How to do Full Text Search with SQLite
SQLite has a powerful way to add new functionality via loadable extensions. The first-party ones include fts5, json1 and a couple others.
When building applications it is common to add searching features based on data coming from tables and you may already have queries for fuzzy searching with LIKE. You may be excited to hear that SQLite can easily add fully query capabilities over a dataset all with just a simple MATCH keyword. 👀
Creating your first search index
Full text search in SQLite requires storing the index in VIRTUAL tables, which allow for optimized storage of the index based on the queries we will execute against it.
You can create the virtual table for the index making sure to include the USING directive for the fts5 target.
CREATE VIRTUAL TABLE posts_fts USING fts5 (
title,
description,
content,
content=posts,
content_rowid=id
);
Text IDs are also supported instead of just INTEGERS.This is a standard callout. You can customize its content and even the icon.
Contentless tables
You can also create a contentless table that will not be based on any existing tables:
CREATE VIRTUAL TABLE example_fts USING fts5 (
name,
description,
content=''
);
Keeping the index up to date
By having the source content be stored in another table we need to make sure to keep both tables in sync and avoid updating the index in a hot path when trying to make a query.

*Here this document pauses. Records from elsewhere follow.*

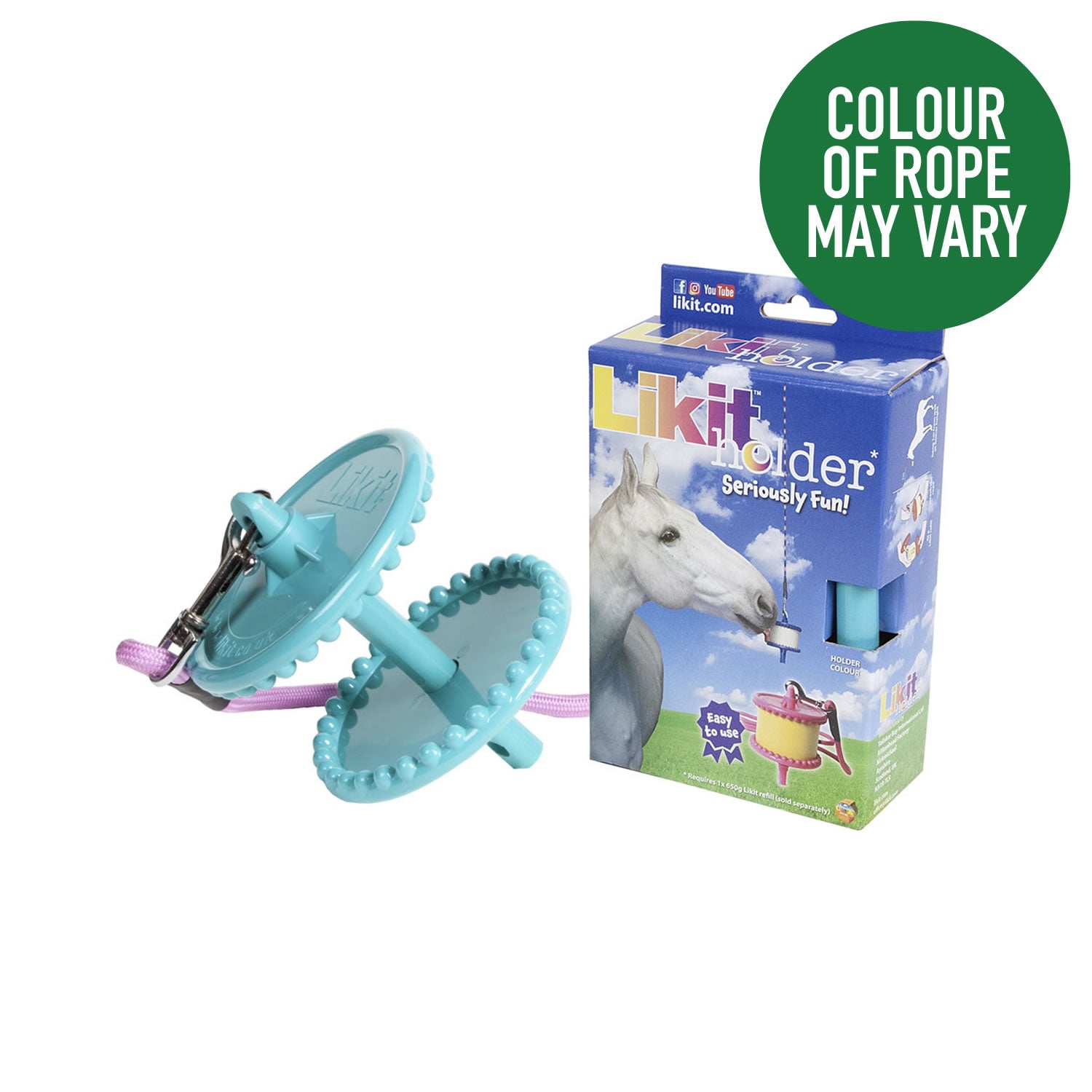 Fourni avec une corde en nylon solide et colorée, ajoutez simplement un likit (vendu séparément) pour donner à votre cheval des heures de plaisir.
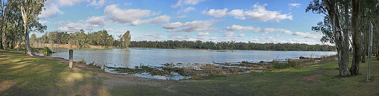 The Murray River makes up most of the border between the Australian states of Victoria and New South Wales. Where it does, the border is the top of the bank of the Victorian side of the river (i.e., none of the river itself is actually in Victoria).[5] This was determined in a 1980 ruling by the High Court of Australia, which settled the question as to which state had jurisdiction in the unlawful death of a man who was fishing by the river's edge on the Victorian side of the river.[6] This boundary definition can be ambiguous, since the river changes its course over time, and some of the river banks have been modified.
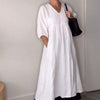 ELEGĂNS V-nyakĂș szabĂĄs - Ez az alkalmi V-nyakĂș nĆi ruha kifinomult Ă©s sokoldalĂș szabĂĄssal rendelkezik, amely eleganciĂĄt kölcsönöz a mindennapi ruhatĂĄradnak. Ez a kialakĂtĂĄs nemcsak a nyakkivĂĄgĂĄst hangsĂșlyozza, hanem karcsĂșsĂtĂł hatĂĄst is biztosĂt, amely kiemeli a termĂ©szetes sziluettet.
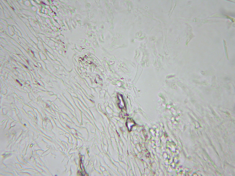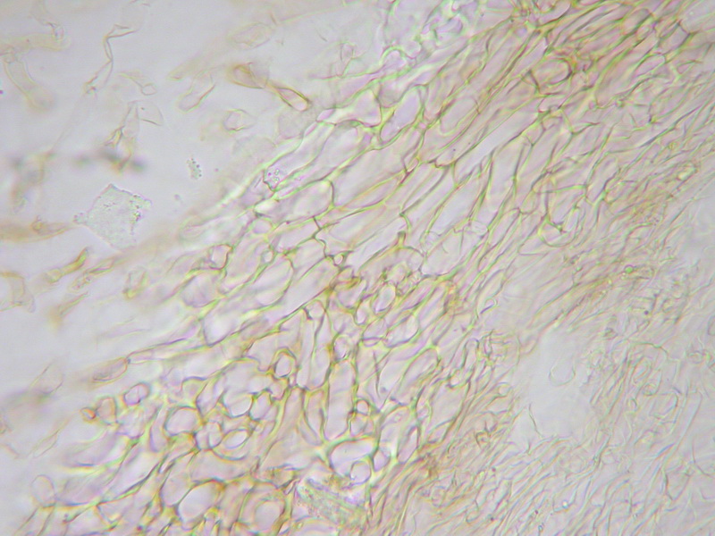 HDS: dicke Ixocutis, Zellen in den obersten Lagen sehr schmal, fädig (2-4), hyalin; Zellen überm Hypoderm etwas breiter (bis 8) und fein quergestreift blass gelbbraun inkrustiert; Hypoderm mäßig stark ausgeprägt; Zellen ca. bis 15 µm breit, mit blass gelbem, nicht inkrustierendem Dickwandpigment;
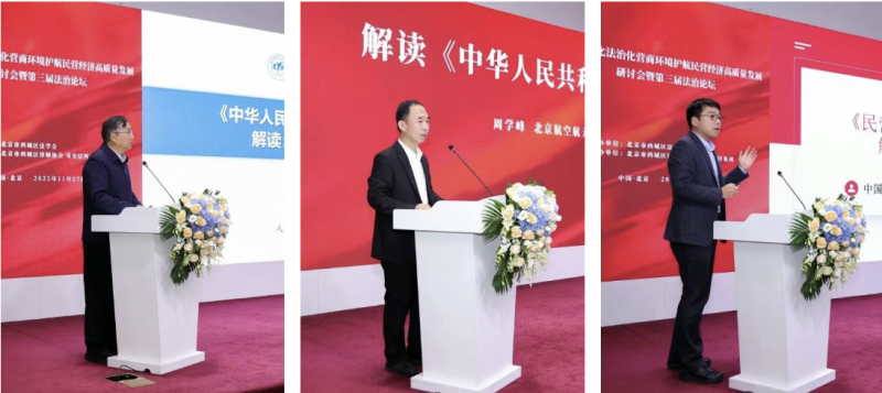 在主题报告环节,专家学者们一同聚焦《中华人民共和国民营经济促进法》开展解读与展望。民盟中央法制委员会主任、北京航空航天大学法学院教授、博士生导师、人文与社会科学高等研究院院长龙卫球,北京航空航天大学法学院副院长周学峰以及中国政法大学教授、博士生导师、民商经济法学院经济法研究所所长张钦昱,依次作了精彩的专题报告,从立法背景与理论高度出发,系统阐释了《中华人民共和国民营经济促进法》中“平等保护”“公平竞争”等核心原则与“非禁即入”等一系列制度创新,清晰勾勒了该法的宏观脉络与突破性价值。同时,聚焦法治政府建设,紧密结合首都核心区发展实际,深入剖析了法律落地实施的关键路径与可能面临的挑战,为探索形成《中华人民共和国民营经济促进法》实施的“西城样本”提供了宝贵的学术支撑与实践思路。

By default when you create table it will be empty, even if the source table is populated. You do have various options for populating the index.
Update by query
If you use a contentless table or want to pull in data from a view you can update by query.
INSERT INTO posts_fts (id, title, description, content)
SELECT id, title, description, content FROM posts;
Rebuild command
Using the rebuild command it will update the index based on the content table specified.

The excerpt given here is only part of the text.